-------- Records supplied

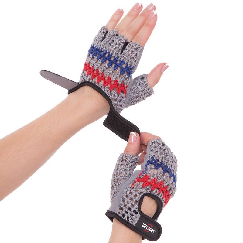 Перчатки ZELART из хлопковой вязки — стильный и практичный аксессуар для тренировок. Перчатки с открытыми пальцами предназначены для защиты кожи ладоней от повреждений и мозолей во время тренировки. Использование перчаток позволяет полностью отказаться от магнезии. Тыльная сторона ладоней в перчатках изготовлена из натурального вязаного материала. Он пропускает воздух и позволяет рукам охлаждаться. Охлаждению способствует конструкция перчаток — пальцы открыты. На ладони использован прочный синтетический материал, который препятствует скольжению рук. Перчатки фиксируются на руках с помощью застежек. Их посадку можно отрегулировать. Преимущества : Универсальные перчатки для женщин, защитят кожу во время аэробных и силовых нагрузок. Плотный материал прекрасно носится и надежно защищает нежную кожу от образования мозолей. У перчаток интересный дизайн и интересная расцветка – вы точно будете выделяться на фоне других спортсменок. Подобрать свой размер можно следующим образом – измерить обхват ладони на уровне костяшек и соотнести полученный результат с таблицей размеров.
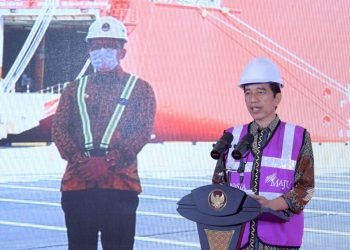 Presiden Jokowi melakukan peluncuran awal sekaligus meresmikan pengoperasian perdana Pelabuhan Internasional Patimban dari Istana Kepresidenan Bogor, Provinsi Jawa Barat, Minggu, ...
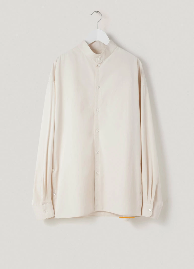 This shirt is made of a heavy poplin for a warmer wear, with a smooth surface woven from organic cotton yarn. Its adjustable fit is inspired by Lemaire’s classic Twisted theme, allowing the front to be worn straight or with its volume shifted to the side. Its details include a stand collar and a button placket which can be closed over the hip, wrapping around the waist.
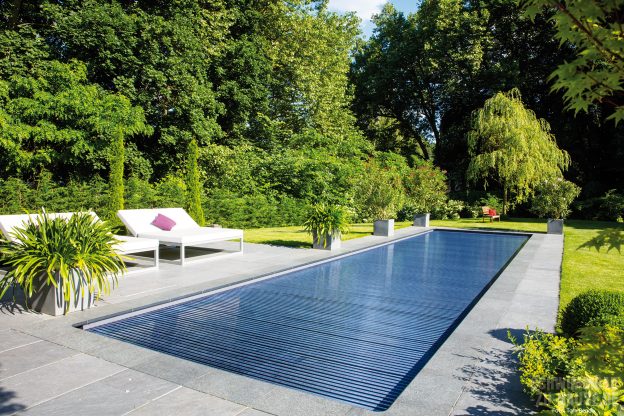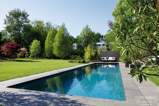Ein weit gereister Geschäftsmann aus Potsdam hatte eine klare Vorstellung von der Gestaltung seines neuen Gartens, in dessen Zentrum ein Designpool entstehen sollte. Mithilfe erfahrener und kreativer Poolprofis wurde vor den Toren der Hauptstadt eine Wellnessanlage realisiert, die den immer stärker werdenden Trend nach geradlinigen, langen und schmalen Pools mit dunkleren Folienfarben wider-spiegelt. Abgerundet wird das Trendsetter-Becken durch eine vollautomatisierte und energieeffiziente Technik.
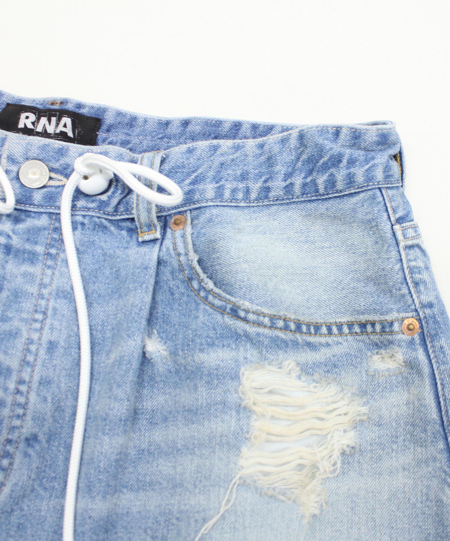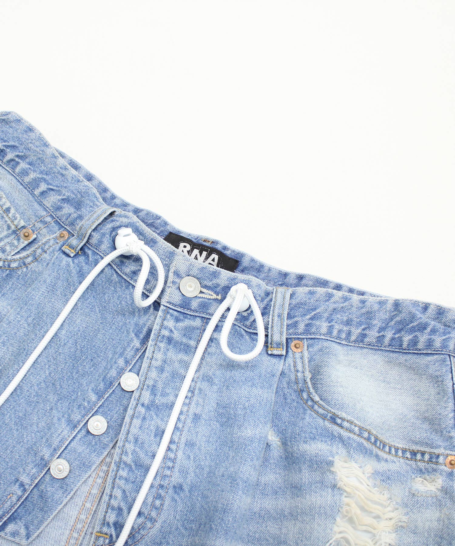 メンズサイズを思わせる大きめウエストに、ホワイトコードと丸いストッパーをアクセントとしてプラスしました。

----------------

▶ _Task brief_:
With the pictures omitted, reproduce the data above exactly.

▶ _Answer box_:
 Перчатки ZELART из хлопковой вязки — стильный и практичный аксессуар для тренировок. Перчатки с открытыми пальцами предназначены для защиты кожи ладоней от повреждений и мозолей во время тренировки. Использование перчаток позволяет полностью отказаться от магнезии. Тыльная сторона ладоней в перчатках изготовлена из натурального вязаного материала. Он пропускает воздух и позволяет рукам охлаждаться. Охлаждению способствует конструкция перчаток — пальцы открыты. На ладони использован прочный синтетический материал, который препятствует скольжению рук. Перчатки фиксируются на руках с помощью застежек. Их посадку можно отрегулировать. Преимущества : Универсальные перчатки для женщин, защитят кожу во время аэробных и силовых нагрузок. Плотный материал прекрасно носится и надежно защищает нежную кожу от образования мозолей. У перчаток интересный дизайн и интересная расцветка – вы точно будете выделяться на фоне других спортсменок. Подобрать свой размер можно следующим образом – измерить обхват ладони на уровне костяшек и соотнести полученный результат с таблицей размеров.
 Presiden Jokowi melakukan peluncuran awal sekaligus meresmikan pengoperasian perdana Pelabuhan Internasional Patimban dari Istana Kepresidenan Bogor, Provinsi Jawa Barat, Minggu, ...
 This shirt is made of a heavy poplin for a warmer wear, with a smooth surface woven from organic cotton yarn. Its adjustable fit is inspired by Lemaire’s classic Twisted theme, allowing the front to be worn straight or with its volume shifted to the side. Its details include a stand collar and a button placket which can be closed over the hip, wrapping around the waist.
Ein weit gereister Geschäftsmann aus Potsdam hatte eine klare Vorstellung von der Gestaltung seines neuen Gartens, in dessen Zentrum ein Designpool entstehen sollte. Mithilfe erfahrener und kreativer Poolprofis wurde vor den Toren der Hauptstadt eine Wellnessanlage realisiert, die den immer stärker werdenden Trend nach geradlinigen, langen und schmalen Pools mit dunkleren Folienfarben wider-spiegelt. Abgerundet wird das Trendsetter-Becken durch eine vollautomatisierte und energieeffiziente Technik.
 メンズサイズを思わせる大きめウエストに、ホワイトコードと丸いストッパーをアクセントとしてプラスしました。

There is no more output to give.